Up to now, we've defined the phase, amplitude and frequency parameters at the center of the fit window. We now alter the chirp fit to interpret phase, amplitude and frequency parameters at the left boundary of the chirp rather than the center, then fit the current frame's chirp with these three parameters fixed to the values taken from the preceding chirp at the frame boundary.
As the left edge of the chirp is fixed, the things that can change across the frame are the amplitude and instantaneous frequency. Thus, we've rendered three of our five parameters for the new frame's chirps implicit, leaving only the need to fit the amplitude and frequency modulation across the current frame.
This two-parameter chirp arrangement still synthesizes chirps the same way as the five parameter chirps, using overlapped Gabor atoms. It merely borrows some chirp parameters from the preceding frame.
Rather than constructing and overlap-adding Gabor atoms, we can synthesize chirps directly from free-running oscillators, realizing a potential factor of two savings in synthesis cost. Analysis could be performed exactly as it is in the two-chirp arrangement with overlapping frames above, but the native synthesized frames would be half the size and non-overlapping.

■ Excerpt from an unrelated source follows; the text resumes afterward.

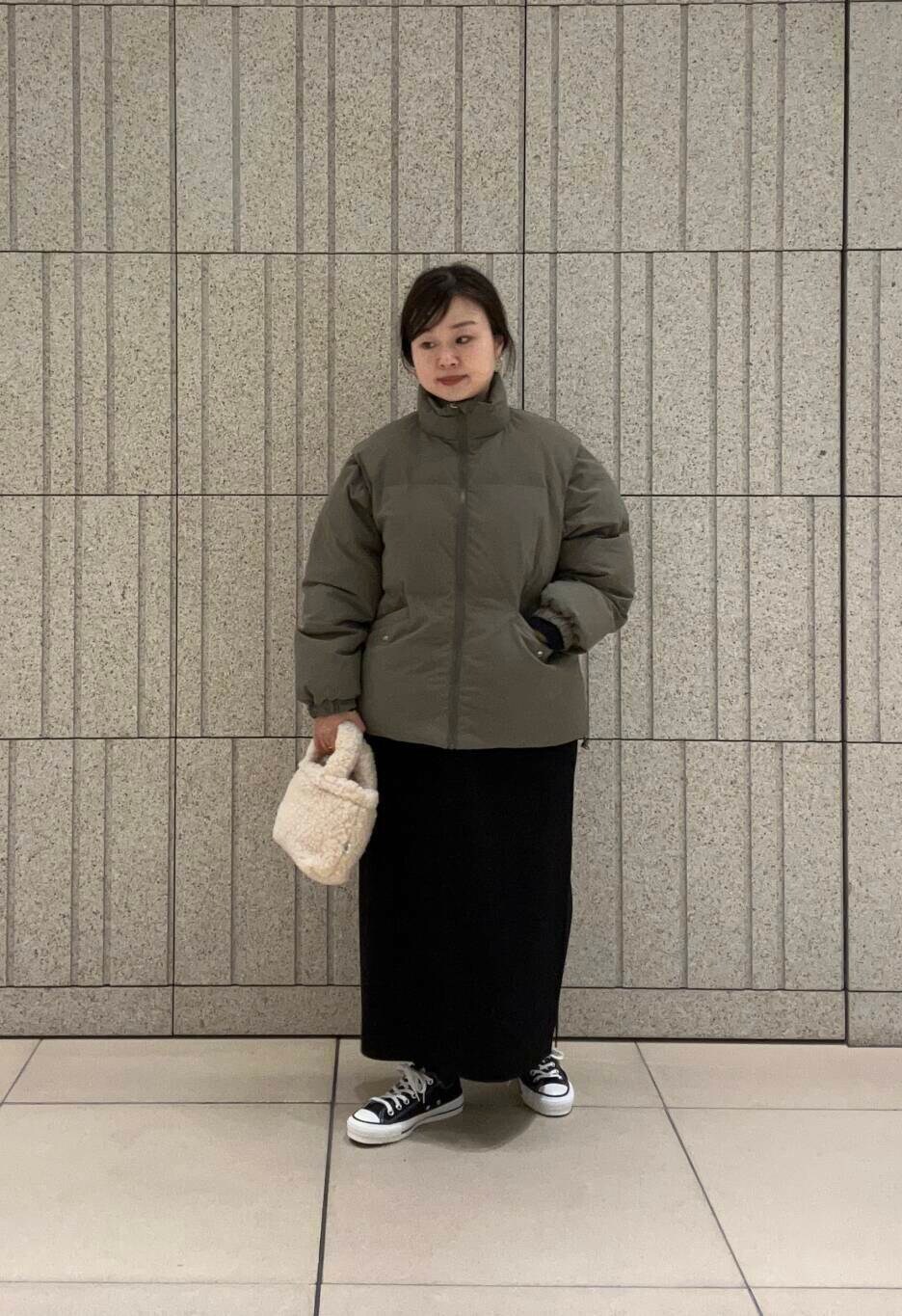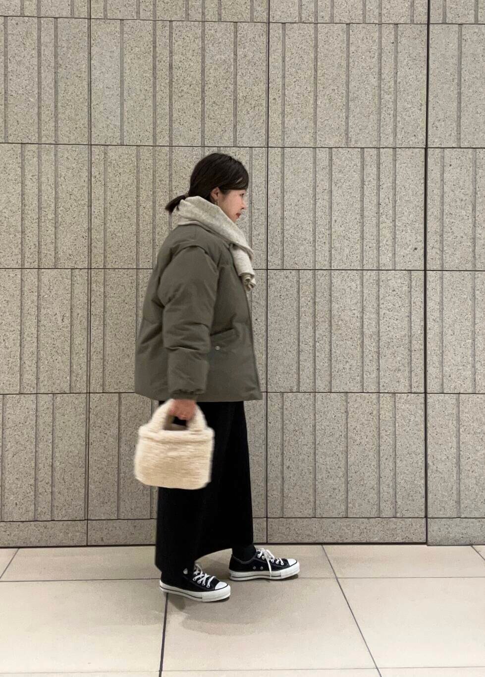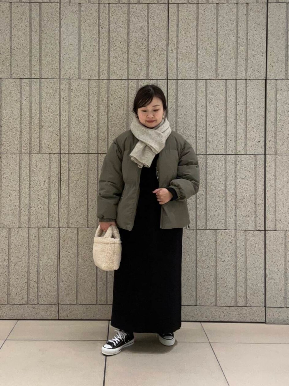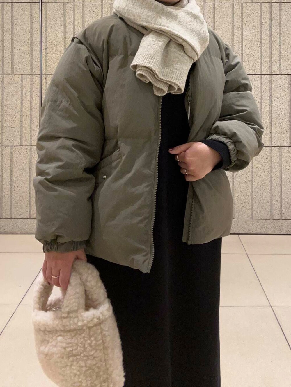 スタンドカラーで首周りもすっきりしているデザインなので、寒い日はストール合わせも🧣

Continuous chirp synthesis is not exactly equivalent to the overlap-add schemes above as we're no longer adding together overlapped chirp atoms with potentially disagreeing parameters.
In the case of independently constructed Gabor atoms, the process of sewing together frames is as straightforward as it is in the MDCT (which is itself just a special case of Gabor atoms). Just like in the MDCT we need only use a power complementary window, overlap and add.
Once we're constructing chirps from frame to frame as if they're the output of free-running oscillators, things become more complicated. We no longer have a smooth overlap/add window, and so we no longer have implicitly smooth transitions between sets of chirp parameters. Is piecewise linear chirp construction (discontinuous in the first derivative) sufficiently smooth for high fidelity reproduction? Or will additional transitional smoothing be necessary to move discontinuities into higher derivatives or eliminate them altogether?
Conceptually, there's no difficulty in constructing arbitrarily smooth transitioning between parameter updates. That said, smoothing increases computational complexity. In addition, smoothing not reflected in the original chirp fitting algorithm results in synthesized chirps that are not equivalent to the fitted parameters.